Project title and acronym

Ageing of Composites in Deep-water Environment (AGE-CO-DEEP)

Host facility

POSEIDON E1-M3A (Hellenic Centre for Marine Research)

Modality of Access

MoA2 – Partially remote (the presence of the user is required at some stage, e.g. for installing and uninstalling an instrument)


Composites materials are used in the marine, offshore and underwater industry for decades, due to their intrinsic properties, e.g. lightweight structures compared to metallic ones of equal strength, corrosion resistant, etc. More specifically, the demand for composite materials in deep-water applications and in primary applications within the Offshore Oil & Gas industry and deep-water vehicles (e.g. Automated Underwater Vehicles) has been increasing rapidly the last 10 years. This trend is expected to continue in the aforementioned sectors, but also in other sectors such as

Oceanography for deep-water exploration, as further integration of composite materials in underwater structures is rigorously pursued. With respect to the composite materials used, the constituents are, mainly, glass or carbon fibres mixed with a matrix material (polymeric resin). Glass fibre composite material is the most widely used, due to the combination of low cost to adequate strength, but carbon fibre composites are gaining market share in the deep-water applications, especially due to their excellent high strength and low weight combination. These features along with other specific advantages (facilitation of easier underwater deployment, buoyancy, thermal isolation, non-corrosive, etc.) strongly favour the use of composites. Nevertheless composite materials can be affected by degradation mechanisms, like:

• Structural damage due to static loading under hydrostatic pressure, sometimes combined with creep, dynamic and impact loads

• Ageing due to absorption

• Biological attack.

More particularly, in a scenario of prolonged underwater use of composite material structures, the physical and mechanical properties can be degraded by the attacks on the matrix material (resin) and/or the fibres, which can be manifested in the degradation of the interface between matrix and fibre, reinforcement, the interface between two adjoining plies (delimination), etc. The phenomenon is called ageing of composites and is very critical for composite underwater structures that operate for prolonged periods of time. Studying ageing effects of composites may address many of the uncertainties, related with the long-term performance of composites under conditions encountered in service.
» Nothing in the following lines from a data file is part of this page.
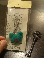 今日も一日とっても充実した日でした花のパリッ子さんのレッスン報告はまた後日に~なぜかっていいますと・・・あす受講されるお方もいますしブログにupするのは後日にしますね。すご~く楽しいレッスンでしたあ~やっぱりビーズとお花って通じるものがありますね。どちらもやはり私にとってかかせません本日もとっても勉強になりました。パリッ子さんいつも素敵な作品をご提供いただいてありがとうございますさてさて・・・・話かわりますが。やっとイーニーさんにいくことができましたよコチラミクシィでお友達のモモさんがビーズ作家さんとして作品を販売されています。お聞きしたのがちょうど1年ぐらい前になるのかな・・・わたしは古川橋にはパリッ子さんのレッスンのときしか行かないのでレッスンにあわせてランチ行くぞーといつも思っていたんです。。しかし場所をちゃんと調べてなかったりでタイミングを逃して。。。やっと本日!ぶじお店訪問できましたー幸い今夜は旦那様は飲み会なので夕飯つくらないでよいし~昼と夜兼用・・・といった感じになりました。4時半ごろにお店へ煮込みハンバーグいただきましたふわっ~とボリューム大たまたま店内は私ひとりとなったのでオーナーさまといろいろとお話をさせていただきました。実は・・・とてもおめでたい日~オーナーさまはっぴ~ば~すディだったのですね~おめでたい日にちょうど来店できてとてもラッキでした。おめでとうございまーす「カフェと手作り雑貨店eenie」さんブログお誕生日のこと記載されていましたね~コチラお料理の写真はいきなり撮るのって失礼かな~と思ったので今日はございません。。。食後・・・ミニケーキアイスクリームホットラテもいただきましたよ。とても美味しくいただきましたごちそうさまでした店内の雑貨をいろいろと拝見させていただきましたレトロなカギ800円(ビーズステッチまたはビーズクロッシェの手法をつかって素敵な作品となりそーですわくわく)フェルトかえるちゃん300円(ちょっと一目ぼれしちゃいました)オーナーさん手作りクッキー100円×2 このかえるちゃん、表情がほんと可愛い
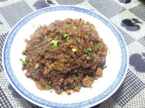 放两碗水煮粉丝,中途放盐,生抽,最后加入肉末翻炒,加点葱花装盘
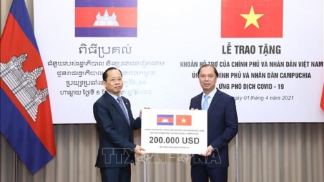 (VOVWORLD) - Le vice-ministre des Affaires étrangères Nguyên Quôc Dung a remis symboliquement le 1er avril à l’ambassadeur du Cambodge au Vietnam Chay Navuth une somme de 200.000 dollars, pour aider notre voisin du sud-ouest dans sa lutte anti-Covid-19.

In   this   context,   the   long-term   behaviour   of   composite   materials   in   the   deep-water environment will be studied. Environmental parameters of the deep-sea that affect durability will  be measured  in  situ,  and  the  structural  behaviour  of  composite  specimens  will  be monitored for a period of 18 months. Moreover the aged specimens will be recovered after the end of 18 months and tested in laboratory environment and quantify the effect of ageing on mechanical properties of the studied composite materials.
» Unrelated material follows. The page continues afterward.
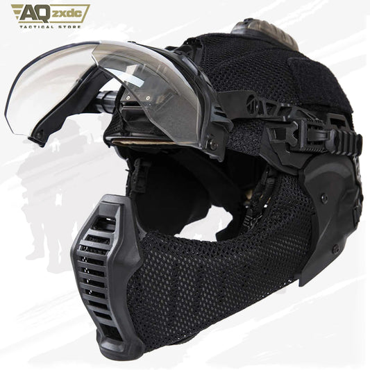AQzxdc Paintball Game Helmet Set with Visor Flashlight Flashing Light Helmet Cover Set for Airsoft Shooting War Games Movie Prop
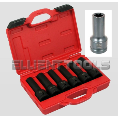 GÉPI HOSSZÍTOTT E-TORX DUGÓKULCSOK 3/4-OS HAJTÁSSAL E-18; E-20, E-22; E-24 12 SZÖGŰ DUGÓKULCSOK 17MM ÉS 19MM G4/5

The  POSEIDON  infrastructure  of  the  Hellenic  Center  for  Marine  Research  provides  the necessary environmental information and the appropriate operational and technical facilities for  an  18  months  ageing  study  of  a  series  of  composite  specimens  in  the  depth  of approximately 1.000 meters. The POSEIDON M3A station monitors at several depths environmental parameters like sea temperature, salinity, dissolved oxygen, currents, biogeochemical parameters and sediment composition including deposition rate.

The advantage that is offered by conducting these experiments linked with the POSEIDON infrastructure is, that the degradation mechanisms and the recorded data from the specimens can be linked to the environmental parameters that the POSEIDON station monitors and useful correlations can be deducted which can aid in the identification and quantification of the ageing mechanisms which promote the degradation of the mechanical properties of the tested composites specimens.

The long-term environmental and load effects to the composites will be examined and measured. The results will be used from ALS in order to excide its material knowledge and experience beyond the existing state of the art. The ageing of the composites is an open and unexplored research field especially for the deep-water environment.